## WHAT TO DO
The output is a word-for-word repeat of the listing below, free of images.

***** DATA EXTRACT

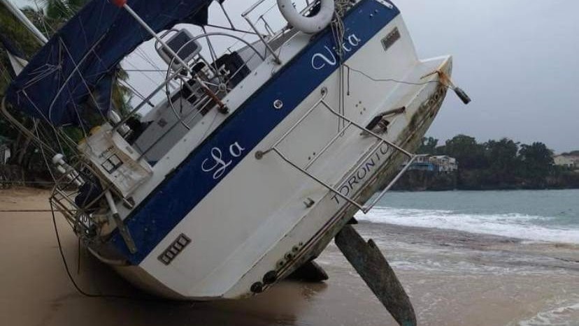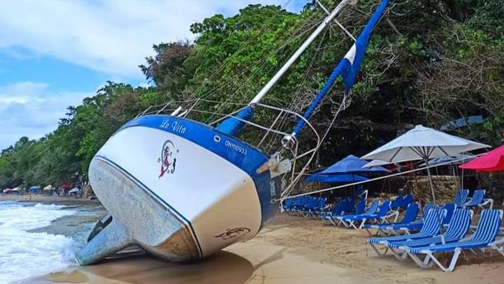 The boat was moored at Sosua Bay, Dominican Republic until about two weeks ago, heavy wind and rain broke the buoy, and the boat drifted and landed on the shore of Sosua Beach. It lay there while we tried coming up with a plan to move it back to the sea, and finally, with the help of the amazing local community, we were able to get her floating again.
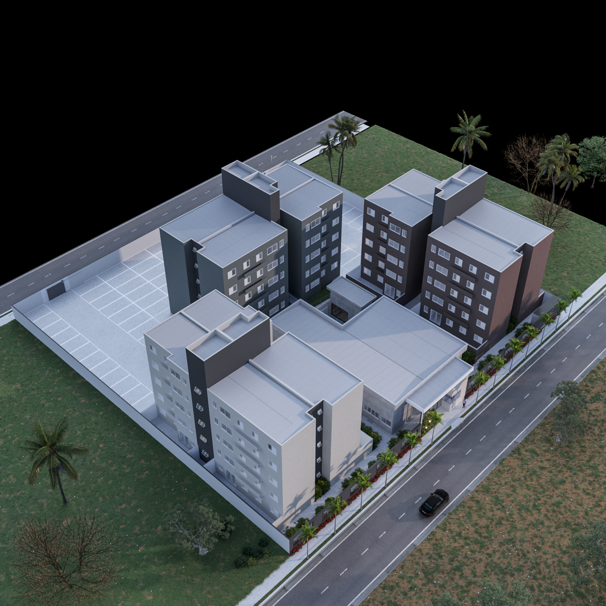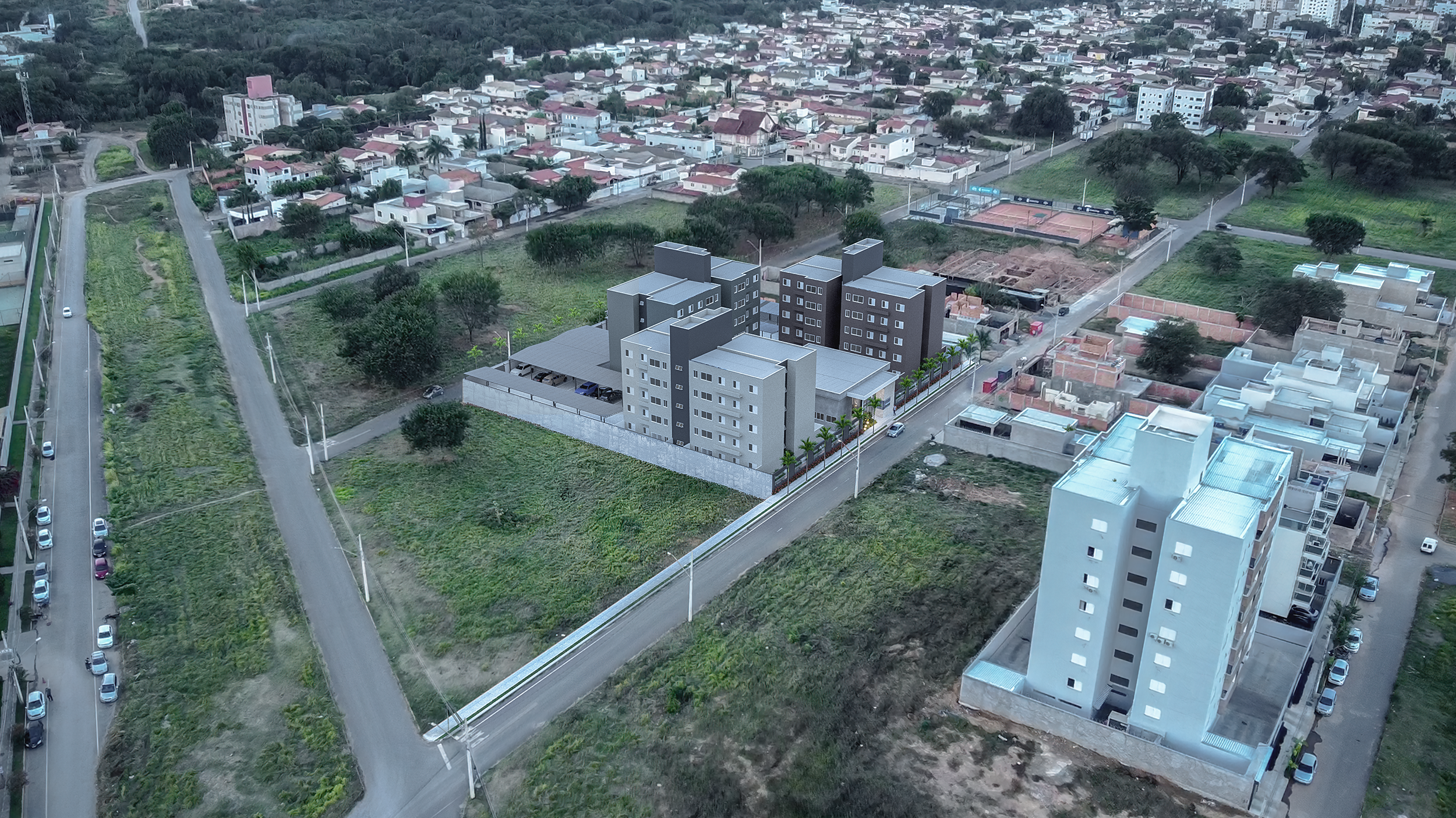 O condomínio conta com três prédios, são apartamentos de 02 e 03 quartos, cada prédio com 5 andares, sendo 4 apartamentos por andar, com elevador.
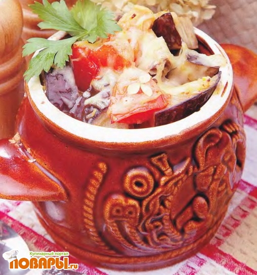 Овощи слоями положить в горшочки, пересыпая мелко нарубленной зеленью петрушки, толченым чесноком, перцем и солью.
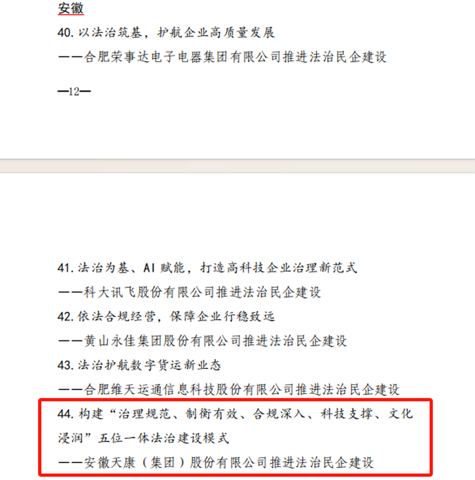 近日,全國工商聯發布《全國工商聯關于商會和民營企業推進法治民企建設典型做法的通報》,安徽天康集團憑借其創新的“五位一體”法治建設模式成功入選,成為安徽省僅有的6家獲評企業之一。這一榮譽不僅彰顯了安徽天康集團在法治民企建設中的卓越成效,也為民營企業依法合規經營樹立了標桿。

**********

## FINISHED EXERCISE
 The boat was moored at Sosua Bay, Dominican Republic until about two weeks ago, heavy wind and rain broke the buoy, and the boat drifted and landed on the shore of Sosua Beach. It lay there while we tried coming up with a plan to move it back to the sea, and finally, with the help of the amazing local community, we were able to get her floating again.
 O condomínio conta com três prédios, são apartamentos de 02 e 03 quartos, cada prédio com 5 andares, sendo 4 apartamentos por andar, com elevador.
 Овощи слоями положить в горшочки, пересыпая мелко нарубленной зеленью петрушки, толченым чесноком, перцем и солью.
 近日,全國工商聯發布《全國工商聯關于商會和民營企業推進法治民企建設典型做法的通報》,安徽天康集團憑借其創新的“五位一體”法治建設模式成功入選,成為安徽省僅有的6家獲評企業之一。這一榮譽不僅彰顯了安徽天康集團在法治民企建設中的卓越成效,也為民營企業依法合規經營樹立了標桿。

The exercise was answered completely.